__EXERCISE OBJECTIVE__.
Word-for-word transcription: reproduce all of the data, but not the pictures.

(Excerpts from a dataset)
══════════

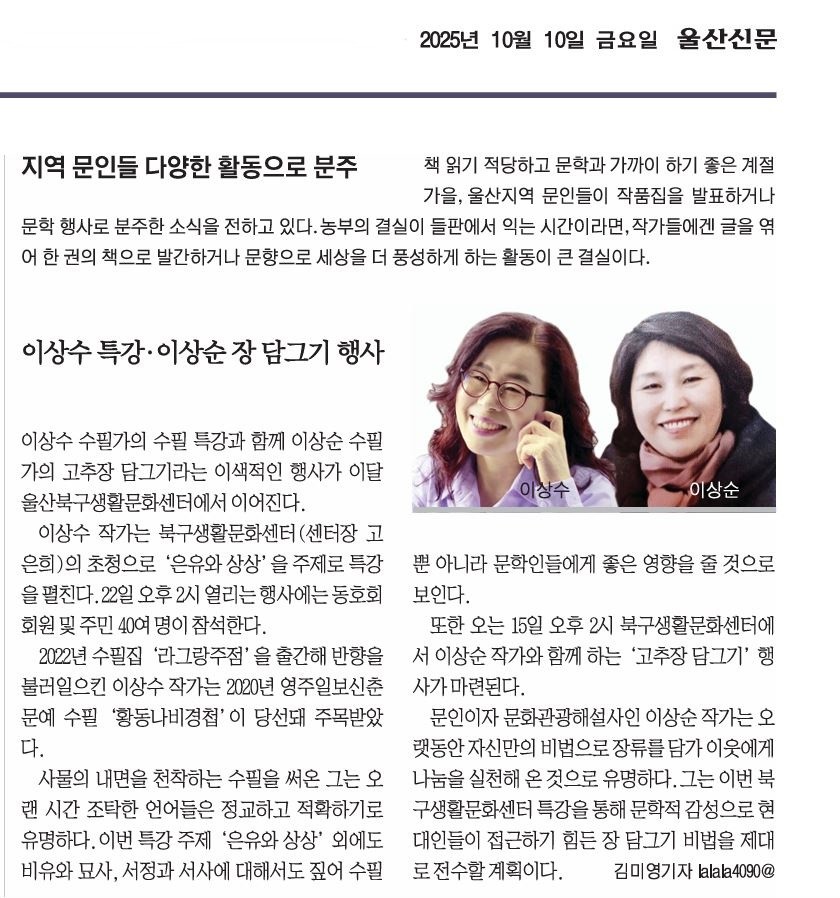 이상수 수필특강 작성자북구생활문화센터|작성시간25.11.04|조회수3 목록 댓글 0 글자크기 작게가 글자크기 크게가 다음검색 현재 게시글 추가 기능 열기 북마크 공유하기 신고 센터로 신고 댓글 댓글 0 댓글쓰기 답글쓰기 댓글 리스트
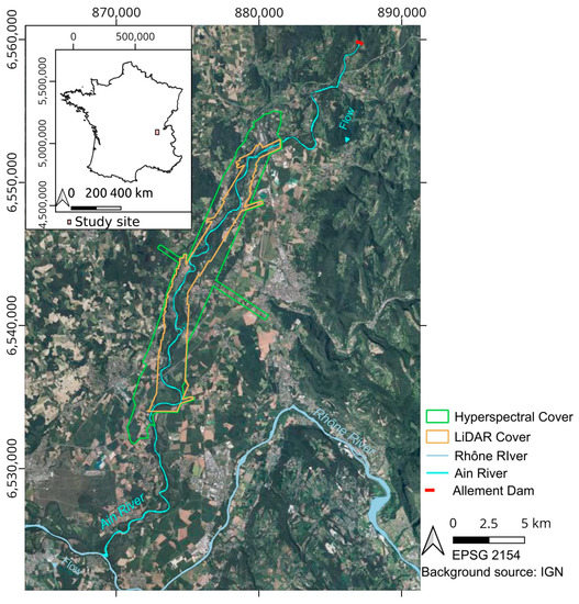 The study area is located on the Ain River, which is a large meandering gravel-bed river that is one of the main tributaries of the upper Rhône River, France (Figure 1). In the early 20th century, its fluvial pattern shifted from a braided one towards a sinuous single-thread pattern [62]. Changes in pastoral and silvicultural practices after the Second World War led to colonization of the river’s terrestrial margins [63] by a riparian forest whose main species are black poplar (Populus nigra) and European ash (Fraxinus excelsior).
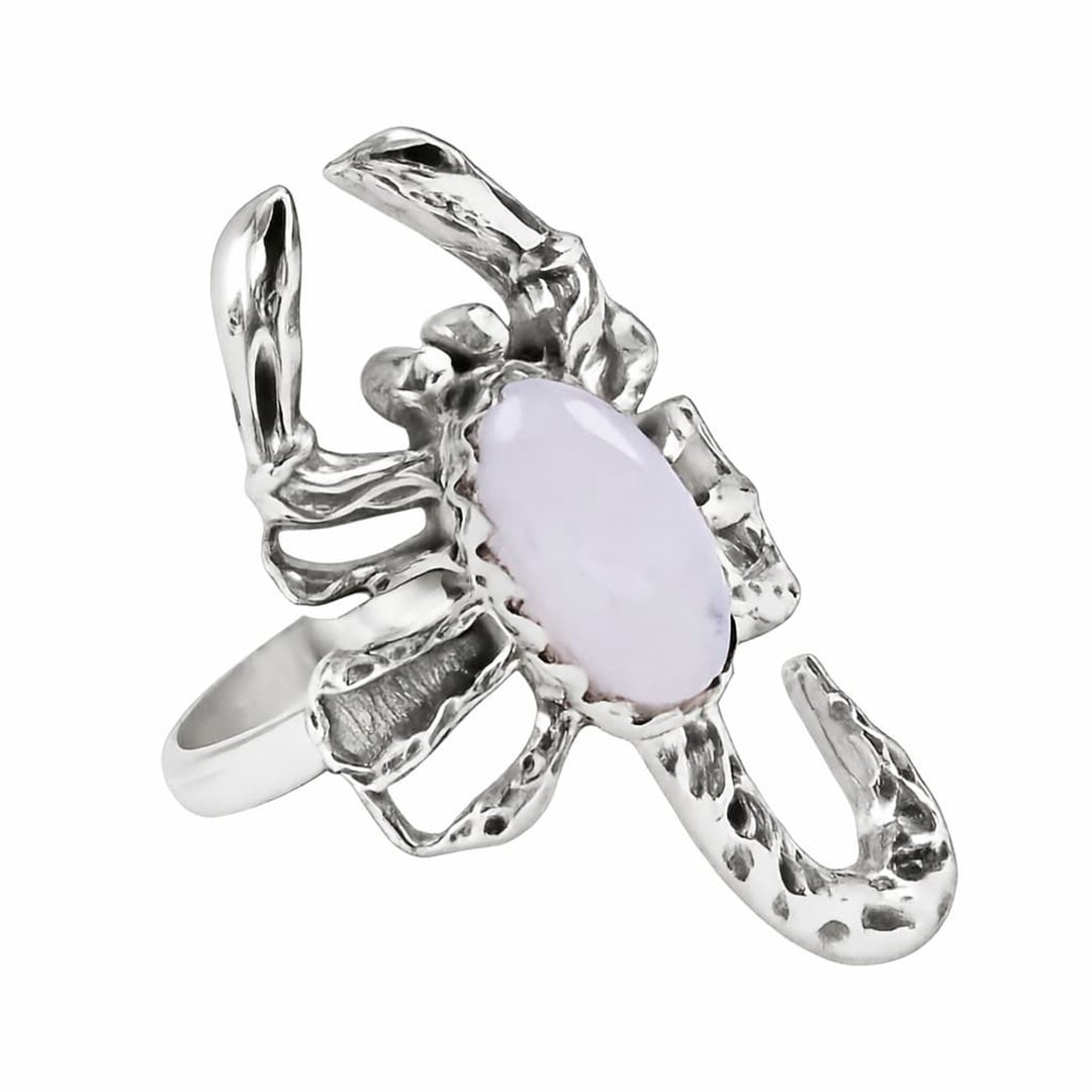 Anel confeccionado em Prata 925, modelo Escorpião com pedra natural de Pedra da lua
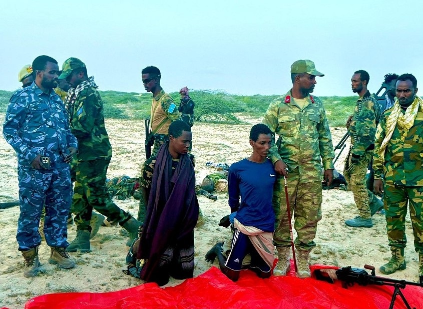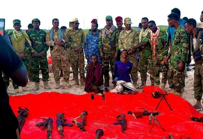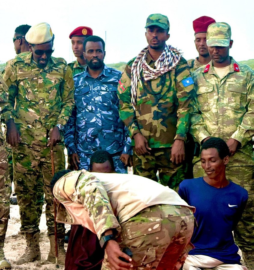 Maxaabiista nolosha lagu qabtay oo laba nin ahaa ayaa soo muuqday iyagoo garbo duub u xiran, waxayna saraakiishu ballanqaadeen in si wanaagsan loola dhaqmi doono, illaa iyo inta lagaga wareejinayo Maxkamadda Ciidamada Qalabka Sida.
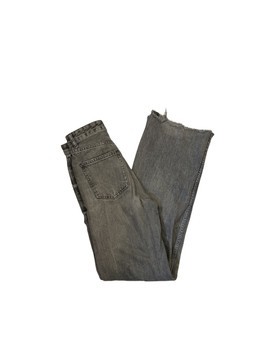 Grey high-waisted jeans with raw hem detailing. Size 34.

══════════

__SOLUTION BELOW__.
 이상수 수필특강 작성자북구생활문화센터|작성시간25.11.04|조회수3 목록 댓글 0 글자크기 작게가 글자크기 크게가 다음검색 현재 게시글 추가 기능 열기 북마크 공유하기 신고 센터로 신고 댓글 댓글 0 댓글쓰기 답글쓰기 댓글 리스트
 The study area is located on the Ain River, which is a large meandering gravel-bed river that is one of the main tributaries of the upper Rhône River, France (Figure 1). In the early 20th century, its fluvial pattern shifted from a braided one towards a sinuous single-thread pattern [62]. Changes in pastoral and silvicultural practices after the Second World War led to colonization of the river’s terrestrial margins [63] by a riparian forest whose main species are black poplar (Populus nigra) and European ash (Fraxinus excelsior).
 Anel confeccionado em Prata 925, modelo Escorpião com pedra natural de Pedra da lua
 Maxaabiista nolosha lagu qabtay oo laba nin ahaa ayaa soo muuqday iyagoo garbo duub u xiran, waxayna saraakiishu ballanqaadeen in si wanaagsan loola dhaqmi doono, illaa iyo inta lagaga wareejinayo Maxkamadda Ciidamada Qalabka Sida.
 Grey high-waisted jeans with raw hem detailing. Size 34.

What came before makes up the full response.